Language design

Feedback Request: Limitations on Data Classes

While M13 is approaching, we are planning a little ahead. This is a request for feedback on some future changes in Kotlin.

We want to deliver Kotlin 1.0 rather sooner than later, and this makes us postpone some design choices we don’t have enough confidence about. Today let’s discuss data classes.

Introduction

The concept of data classes has proven very useful when it comes to simply storing data. All you need is say:

data class Foo(val a: A, val b: B)

and you get equals()/hashCode(), toString(), copy() and component functions for free.

The most common use case works like a charm, but interaction of data classes with other language features may lead to surprising results.

Issues

For example, what if I want to extend a data class? What if the derived class is also a data class?

open data class Base(val a: A, val b: B)

data class Derived(a: A, b: B, val c: C) : Base(a, b)

Now, how does equals() or copy() work in Derived? All the well-known issues arise at once:

  • should an instance of Base be equal to an instance of Derived if they have the same values for a and b?
  • what about transitivity of equals()?
  • what if I copy an instance of Derived through a reference of type Base?

And what about component functions that enable multi-declarations? It seems more or less logical that c simply becomes the third component in Derived in this basic case:

val (a, b, c) = Derived(...)

But nothing prevents us from writing something like this:

data class Derived(b: B, a: A, val c: C) : Base(a, b)

Note that the parameter order is reversed: first b, than a. Now it’s not that clear any more. And it may get worse:

data class Derived(val c: C, b: B, a: A) : Base(a, b)

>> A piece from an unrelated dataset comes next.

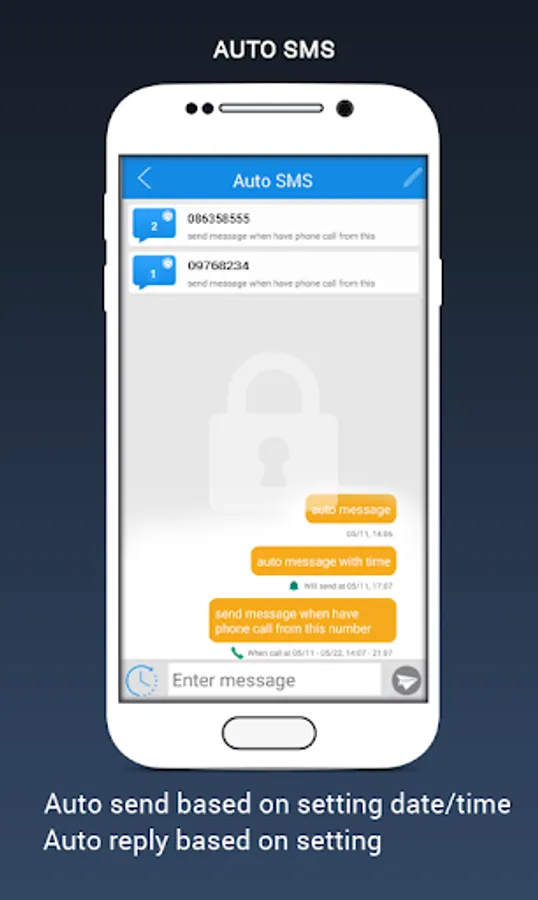 ☆ Auto SMS: Set up content, recepient's number, date, time then message will be sent in right time. There is some options for this, just explore.

Now c comes first, and the inherited component1(): A is simply a conflict, it is not an override, but such an overload is not legal either.

And these are only some examples, there’re many more issues, big and small.

Our strategy

On the one hand, we are not sure whether there is an elegant design for inheritance involving data classes. We have some sketches, but none of them looks promising enough.

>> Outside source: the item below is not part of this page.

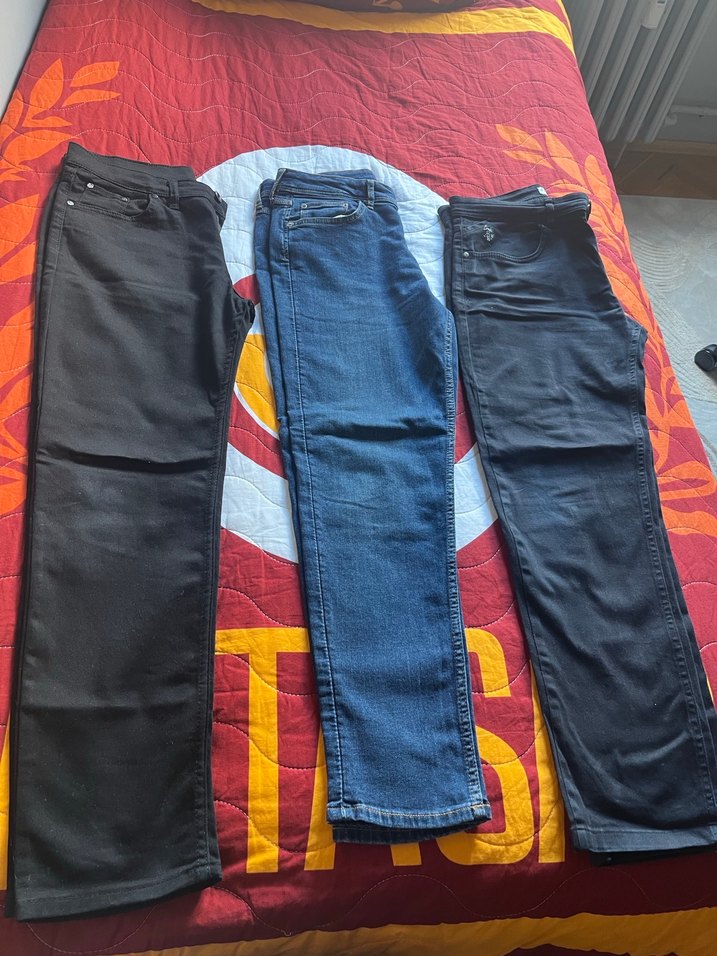 3 adet pantolon hiçbir sıkıntısı yoktur çok az giyildi biri us polo biri hm marka ve diğer markadan oluşan 3 adet pantolon

On the other hand, we want to finalize the language design now, to be able to ship 1.0.

So, we decided to restrict data classes quite a bit to rule out all the problematic cases in 1.0, so that we can get back to them later and maybe lift some of the restrictions.

Proposed restrictions

We are going to do the following:

  • allow to inherit data classes from interfaces
  • forbid to inherit data classes from other classes
  • forbid open data classes (i.e. other classes can not extend data classes)
  • forbid inner data classes (not clear how equals()/hashCode() should treat the outer reference)
  • allow local data classes (the closure is not structured, so it’s OK for equals()/hashCode() to ignore it)
  • require val/var on all primary constructor parameters for data classes
  • require at least one primary constructor parameter for data classes
  • allow private primary constructor parameters for data classes
  • var’s are as good as val’s in all respects (they participate in equals()/hashCode() etc)
  • forbid varargs in primary constructor parameters for data classes

Again, some of the restrictions in this list may be lifted later, but for now we don’t want to deal with these cases.

Appendix. Comparing arrays

It’s a long-standing well-known issue on the JVM: equals() works differently for arrays and collections. Collections are compared structurally, while arrays are not, equals() for them simply resorts to referential equality: this === other.

Currently, Kotlin data classes are ill-behaved with respect to this issue:

  • if you declare a component to be an array, it will be compared structurally,
  • but if it is a multidimensional array (array of arrays), the subarrays will be compared referentially (through equals() on arrays),
  • and if the declared type of a component is Any or T, but at runtime it happens to be an array, equals() will be called too.

This behavior is inconsistent, and we decided to fix it following the path of least resistance:

  • arrays are always compared using equals(), as all other objects

So, whenever you say

  • arr1 == arr2
  • arr in setOfArrays
  • DataClass(arr1) == DataClass(arr2)
  • or anything else along these lines,

you get the arrays compared through equals(), i.e. referentially.

We’d love to fix the inconsistency with collections, but the only sane way of fixing it seems to be fixing it in Java first, which is beyond anybody’s power, AFAIK :)

Call for feedback

Please share your opinion on the proposed changes. We are more or less sure about arrays, and pretty confident about limitations on data classes too, but it’s always a good idea to double-check with a wider range of use cases.

Thanks for your help!

image description